Relativity and Astronomy?

What, if any, special relativity effect evidence themselves in
astronomical data? For instance, according to the HyperPhysics site
Super Novae are in theory visible out to 8 billion light years. And
according to Hubell's law Super Novae light sources at that distance
will have a velocity relative to an earth observer of 0.6c. This
corresponds to a relativistic time dilation factor of 1.25, so the
tail of super novae luminosity curves should be on average stretched
out by 25% for the farthest observable super novae. What kind of data
of this type is available?

Also, is doppler shifting due to the difference in velocities of
approaching and receding arms of galaxies detectable at 8 billion
light years and greater?

Pat

In article ,
(Pat Dolan) writes:

What, if any, special relativity effect evidence themselves in
astronomical data? For instance, according to the HyperPhysics site
Super Novae are in theory visible out to 8 billion light years.

When the distances are this large, you need to specify which of the many
distances you mean.

And
according to Hubell's law Super Novae light sources at that distance
will have a velocity relative to an earth observer of 0.6c. This
corresponds to a relativistic time dilation factor of 1.25, so the
tail of super novae luminosity curves should be on average stretched
out by 25% for the farthest observable super novae. What kind of data
of this type is available?

When distances are this large, forget about using special relativity to
do anything related to the "Hubble velocity". One has to use general
relativity.

The time dilation factor is simply 1+z, where z is the redshift. This
is valid in all cosmological models based on GR, even though the actual
velocity at that distance (again, both terms have to be defined) can
vary depending on the parameters of the model.

Also, is doppler shifting due to the difference in velocities of
approaching and receding arms of galaxies detectable at 8 billion
light years and greater?

This, on the other hand, is a "conventional velocity". It is detectable
as long as one can get separate spectra of both sides of the galaxy, or
measure the broadening of the spectral line due to rotation. Some
observer can probably say what the redshift record is here.

In article ,
(Pat Dolan) writes:

What, if any, special relativity effect evidence themselves in
astronomical data? For instance, according to the HyperPhysics site
Super Novae are in theory visible out to 8 billion light years.

When the distances are this large, you need to specify which of the many
distances you mean.

And
according to Hubell's law Super Novae light sources at that distance
will have a velocity relative to an earth observer of 0.6c. This
corresponds to a relativistic time dilation factor of 1.25, so the
tail of super novae luminosity curves should be on average stretched
out by 25% for the farthest observable super novae. What kind of data
of this type is available?

When distances are this large, forget about using special relativity to
do anything related to the "Hubble velocity". One has to use general
relativity.

The time dilation factor is simply 1+z, where z is the redshift. This
is valid in all cosmological models based on GR, even though the actual
velocity at that distance (again, both terms have to be defined) can
vary depending on the parameters of the model.

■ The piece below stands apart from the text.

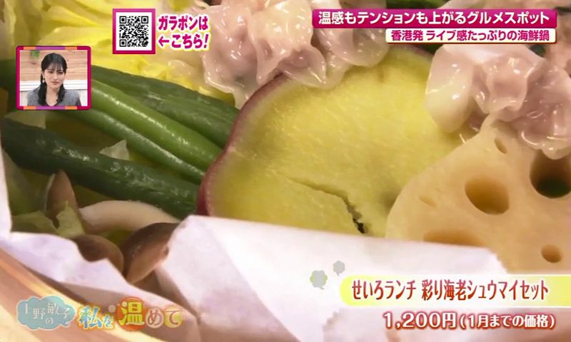 「せいろランチ 彩り海老シュウマイセット」(1,200円 ※1月までの価格)シュウマイのほか、れんこん、サツマイモ、いんげんなど彩り豊かです。

Also, is doppler shifting due to the difference in velocities of
approaching and receding arms of galaxies detectable at 8 billion
light years and greater?

This, on the other hand, is a "conventional velocity". It is detectable
as long as one can get separate spectra of both sides of the galaxy, or
measure the broadening of the spectral line due to rotation. Some
observer can probably say what the redshift record is here.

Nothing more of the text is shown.